La chanteuse en Jean Paul Gaultier : des dessous (i)coniques
Il n’y a pas que les corsets coniques et iconiques de Jean Paul Gaultier qui ont marqué les esprits. D’autres histoires de dessous ayant appartenu à Madonna ont aussi enflammé la scène. En 1987, au parc de Sceaux, dans la banlieue parisienne, Jacques Chirac, alors maire de la capitale et fan de l’interprète d’Holiday (1983), assiste au concert de la star.Or cette dernière sait que le futur président français a un faible pour elle. Elle décide donc de lancer sa culotte en résille dans le public, pile dans sa direction. L’artiste ayant parfaitement visé, Jacques Chirac aurait réceptionné le présent sur ses genoux.
Peu après, l’histoire continua puisque que lorsque Madonna se rendit à l’hôtel de Ville de Paris pour délivrer un chèque de 500 000 francs à l’association Line, présidée par Line Renaud, elle fut embrassée tendrement par Jacques Chirac. Une accolade qui fit jaser les tabloïds et les fans, comblés de pouvoir broder sur une liaison entre les deux personnalités, façon Marilyn Monroe et John F. Kennedy.

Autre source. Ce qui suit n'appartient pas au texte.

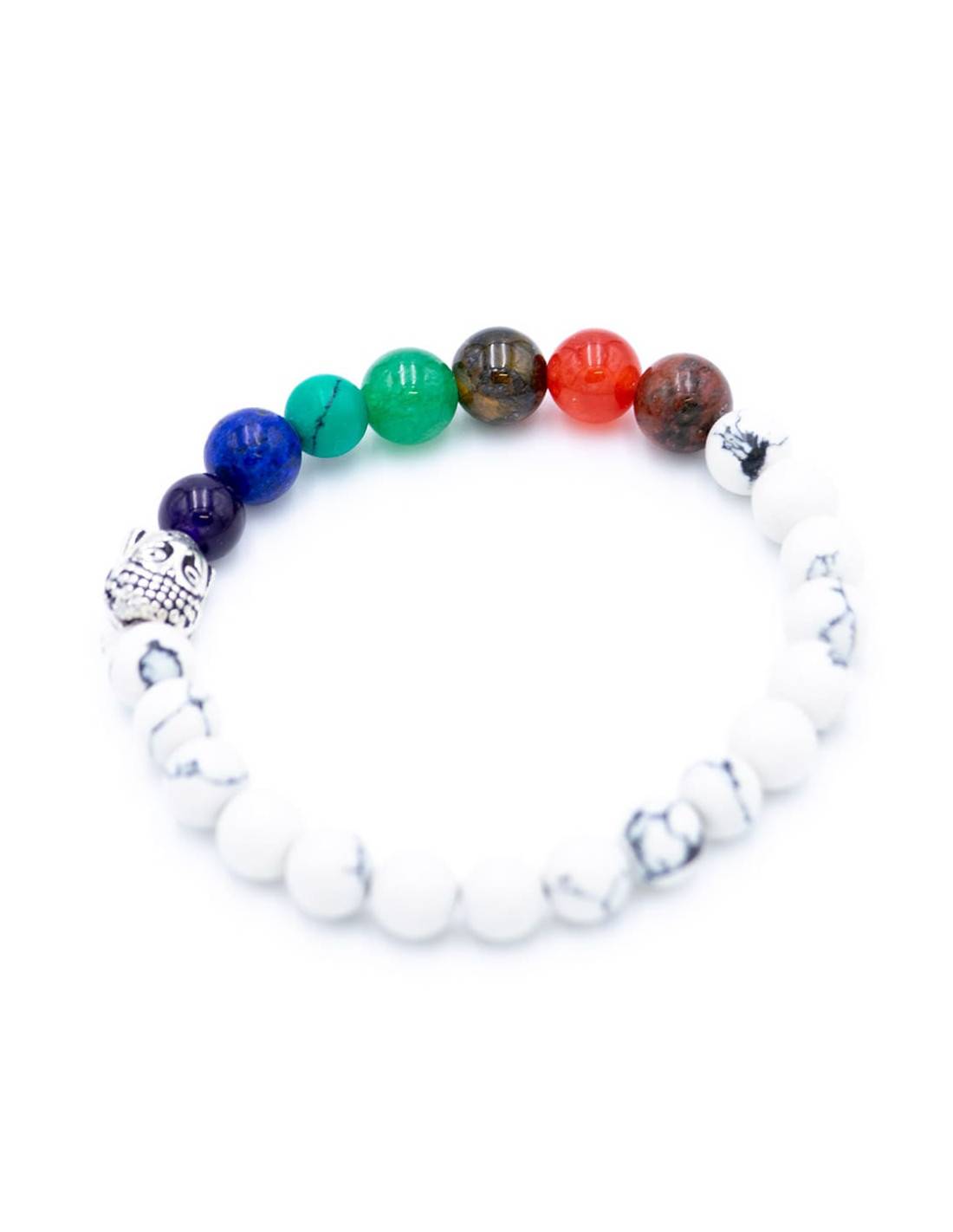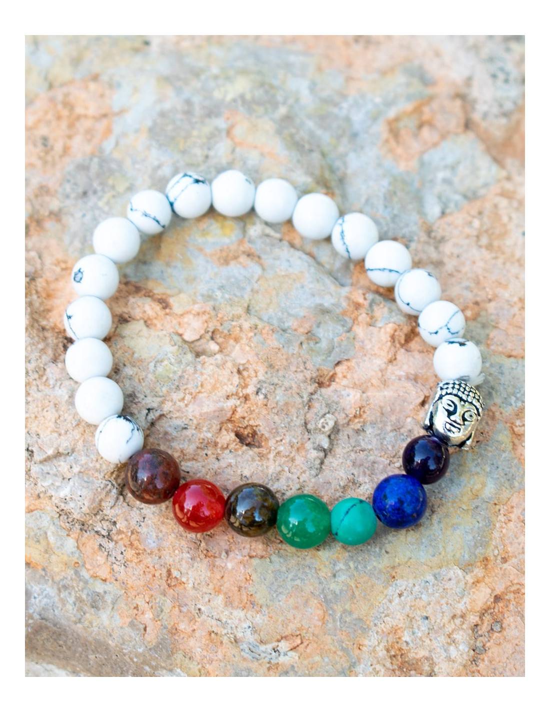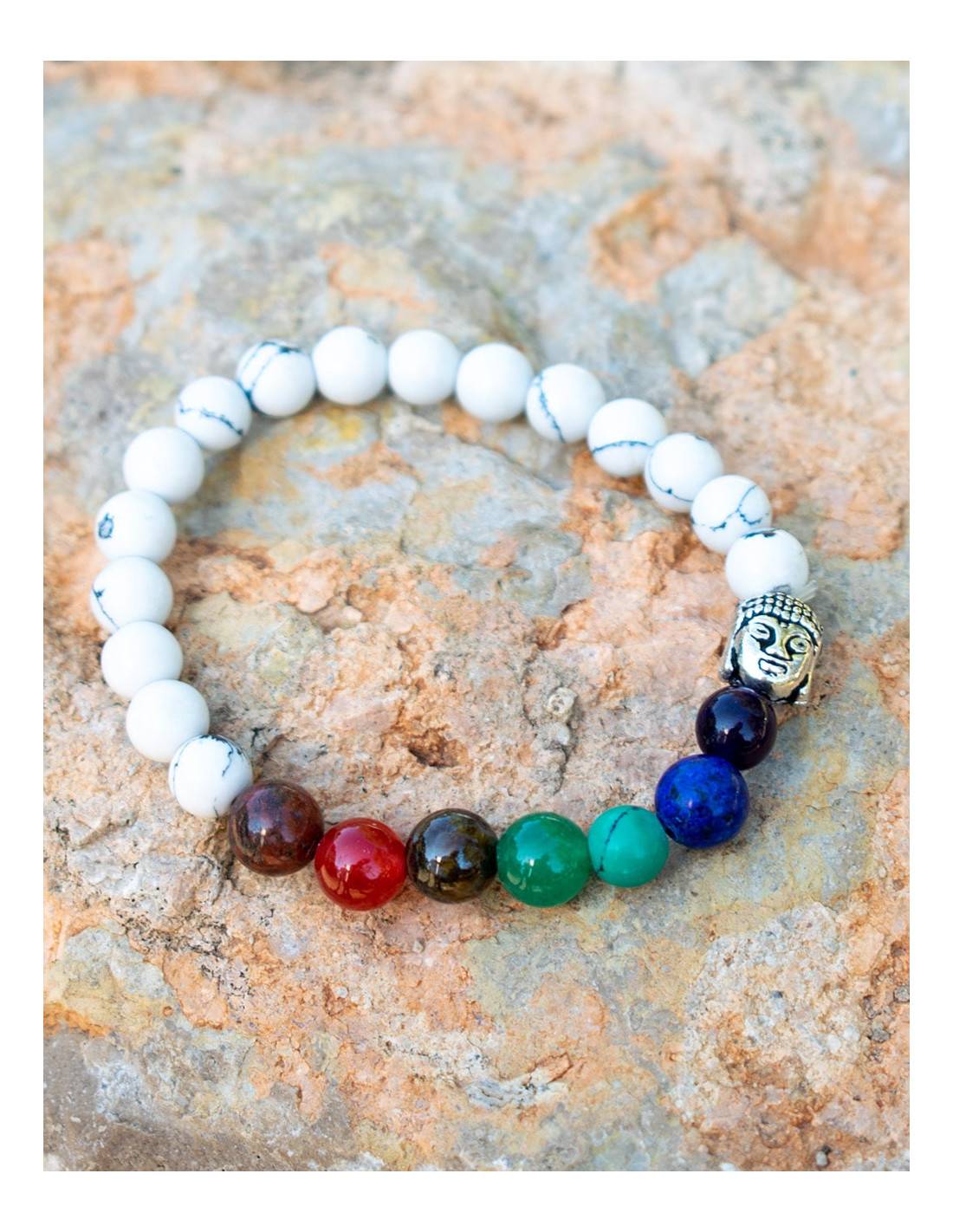 Pulsera elástica de la piedra mineral Roca Volcánica con 7 chakras con abalorio de cabeza de buda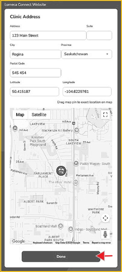 Step 5 - Confirm your Clinic Address, then click 'Done'.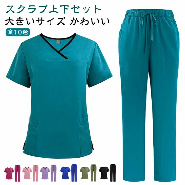 医療 ナース服 上下セット 白衣 ユニフォーム 医療用 パンツ かわいい 介護士 女性用 レディース ナース 看護師 半袖 スクラブ 総ゴムパンツ 白衣 ズボン ナースウェア エステ 白衣 医療用 看護師 介護士 クリニック 女性用 スクラブ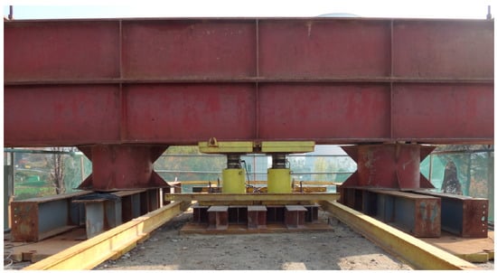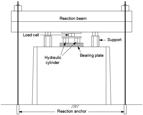Considering the failure of the RSR, the maximum load was set to 1000 kPa, which is 20 times the design load of 50 kPa. A reaction beam was installed on the RSR and loaded using a hydraulic cylinder installed between the reaction beam and the surface of the RSR. The earth anchor to hold the reaction frame was designed such that the design load per hole was 1100 kN. The earth anchors were installed 1 m apart from the RSR, and six holes were installed in each test area, with a total of 12 holes. A 2 × 3 m plate was installed on the surface of the RSR, and H beams were arranged on the loading plate so that the load from the hydraulic cylinder was evenly distributed. Four hydraulic cylinders were installed in a 2 × 2 arrangement. For the reaction force beam, four H-beams (944 × 302 × 32 × 64 mm, L = 10 m) were arranged in two stages to ensure sufficient bending stiffness. Figure 8 shows the cross section of the loading system, and Figure 9 shows the foreground of the loading system.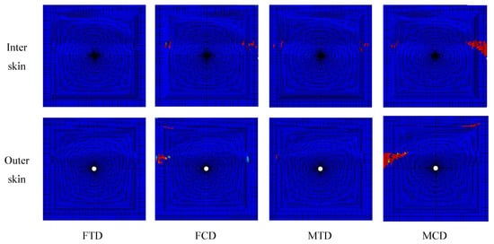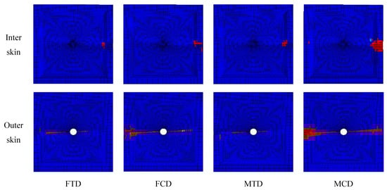 The skin damage distribution of the NS00, PS80 and NS80 specimens is shown in Figure 18, Figure 19 and Figure 20, respectively. The red part represents the damaged element, while the blue part represents the undamaged element, respectively. According to the two-dimensional Hashin criterion mentioned above, the skin damage types can be mainly divided into four categories: fiber tensile damage (FTD), fiber compression damage (FCD), matrix tensile damage (MTD) and matrix compression damage (MCD).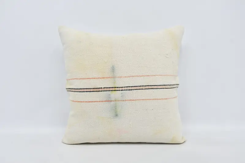 Handgefertigtes Kissen aus Hanf und Wolle, 28 x 28 cm, Vintage-Karokissen
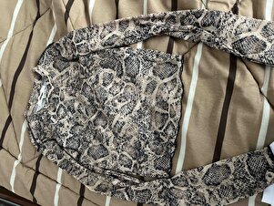 Slim Fit Bisiklet Yaka Uzun Kollu Yılan Derisi Baskılı Crop Tişört Slim Fit Bisiklet Yaka Uzun Kollu Yılan Derisi Baskılı Crop Tişört 5WAK50211EK XL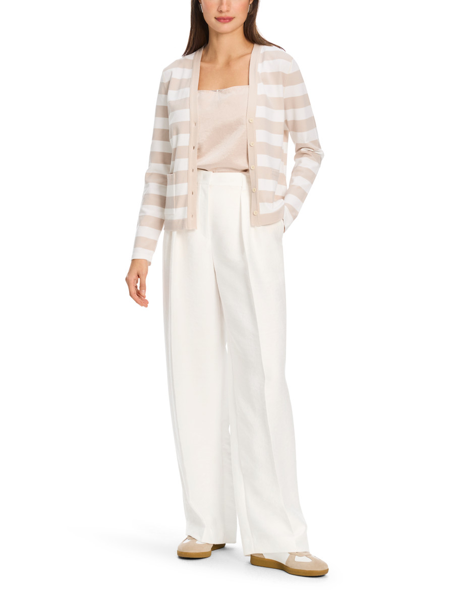 Locker geschnittener Cardigan aus weichfließendem Feinstrick. Die Form ist gerade und die Säume sind offen. Das Design: V-Ausschnitt, Knopfverschluss und aufgesetzte Taschen. Das Modell wird nach ökosozialen Kriterien produziert und trägt das Nachhaltigkeitslabel "Rethink Together". Zudem wird es mit modernsten Technologien in Deutschland gestrickt und veredelt. Die einzelnen Teile - wie Rücken- und Vorderteil etc. - werden in europäischen Partnerbetrieben zusammengenäht.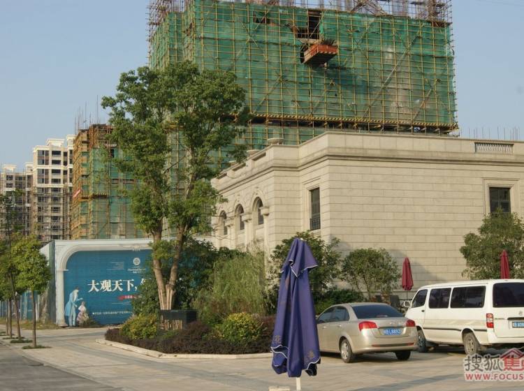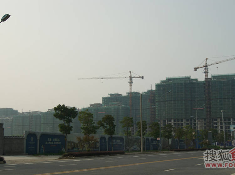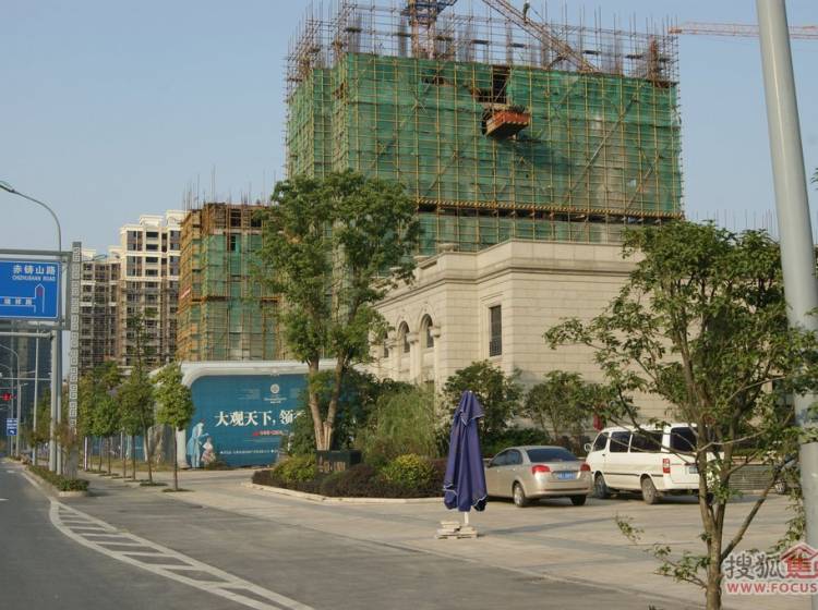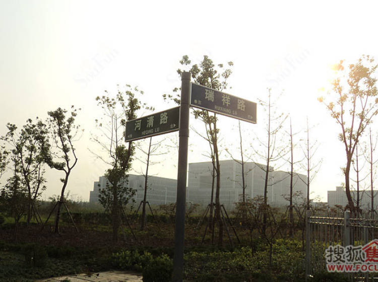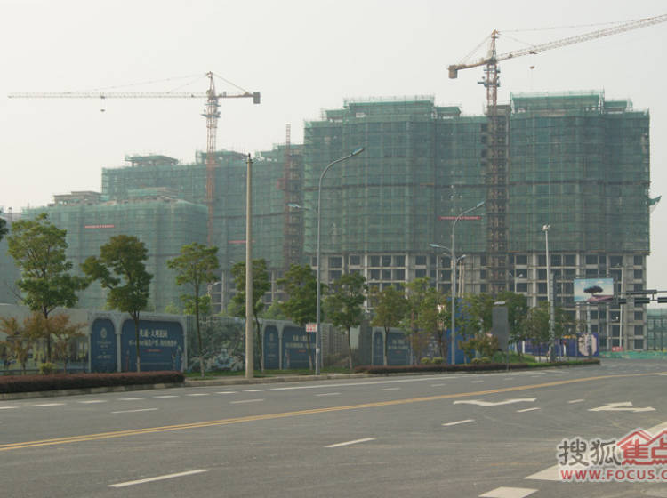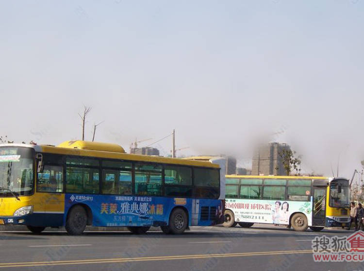 项目现场“政务中心”公交站旁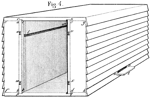 Bij het gebruik van Dzierzon’sche woningen kan de stal gemist worden, bl. 105. Inrigting der bijenstallen, bl. 106. Het plaatsen van den stal, bl. 109.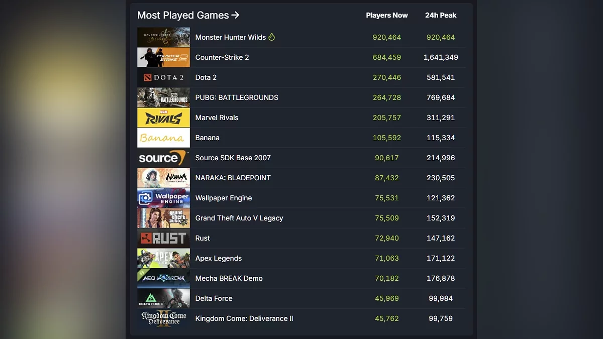 Monster Hunter Wilds вышла и сразу же собрала онлайн в 900 тыс. человек. Сейчас это самая популярная игра в Steam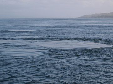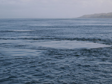 In der Mitte des Gulf of Corryvreckan schläft der Wind plötzlich ein. Im 3. Reff gleiten wir gemächlich durch das sprudelnde Wasser, vorbei an rießigen tellerförmigen Eddies.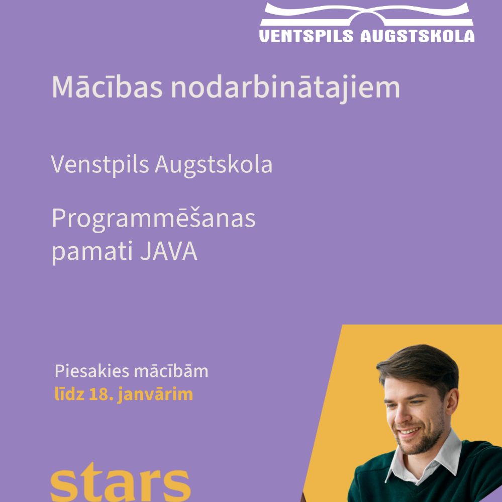 Projektā “Atbalsts pieaugušo individuālajās vajadzībās balstītai pieaugušo izglītībai” Ventspils Augstskola piedāvā studiju kursus, kuros vari apgūt aktuālas zināšanas un prasmes IT jomā. Piesakies mācībām ar 70% Eiropas Savienības līdzfinansējumu! Programmēšana JAVA Kurss paredzēts tiem, kuriem jau ir pamatzināšanas JAVA programmēšanā. Norises laiks: 2026. gada 10. februāris – 2026. gada 31. marts Mācību maksa: Pieteikšanās projektam* ar 30% līdzmaksājumu – 117,42 € Pilna kursa maksa – 391,40 € Pieteikšanās: https://stars.gov.lv/programma/470 Mācībās var piedalīties nodarbinātās personas, kas sasniegušas 18 gadu vecumu *Personām no trūcīgām vai maznodrošinātām mājsaimniecībām, kā arī bēgļiem un personām ar alternatīvo statusu mācības ir bez maksas. Par projektu: https://www.venta.lv/zinatne/projekti/atbalsts-pieauguso-individualajas-vajadzibas-balstitai-pieauguso-izglitibai

Madonna en robe de mariée : un Like a Virgin tout sauf virginal
En 1984, Madonna va devenir responsable de l’éveil au désir de nombreux adolescents de l’époque. Lors de la toute première cérémonie des MTV Video Music Awards, la jeune artiste de 26 ans chante son tube Like a Virgin mais pas vraiment d’une façon aussi innocente que le titre le laisserait présager. Déguisée en mariée et arborant une ceinture ornée des mots « boy toy » (« jouet pour garçon ») elle sort d’un gâteau géant avant de se déhancher lascivement.
Le climax de sa prestation très érotique et soi-disant improvisée ? Lorsque Louise Ciccone (le vrai nom de la chanteuse) décide de se rouler sur le sol tout en dévoilant ses sous-vêtements. Une position qui évoque la masturbation et avec laquelle Madonna, puissante, affirme que le sex appeal triomphant n’est pas l’apanage des hommes (Elvis Presley, George Michael, Michael Jackson, Prince).
Confessions II de Madonna, disponible le 3 juillet 2026.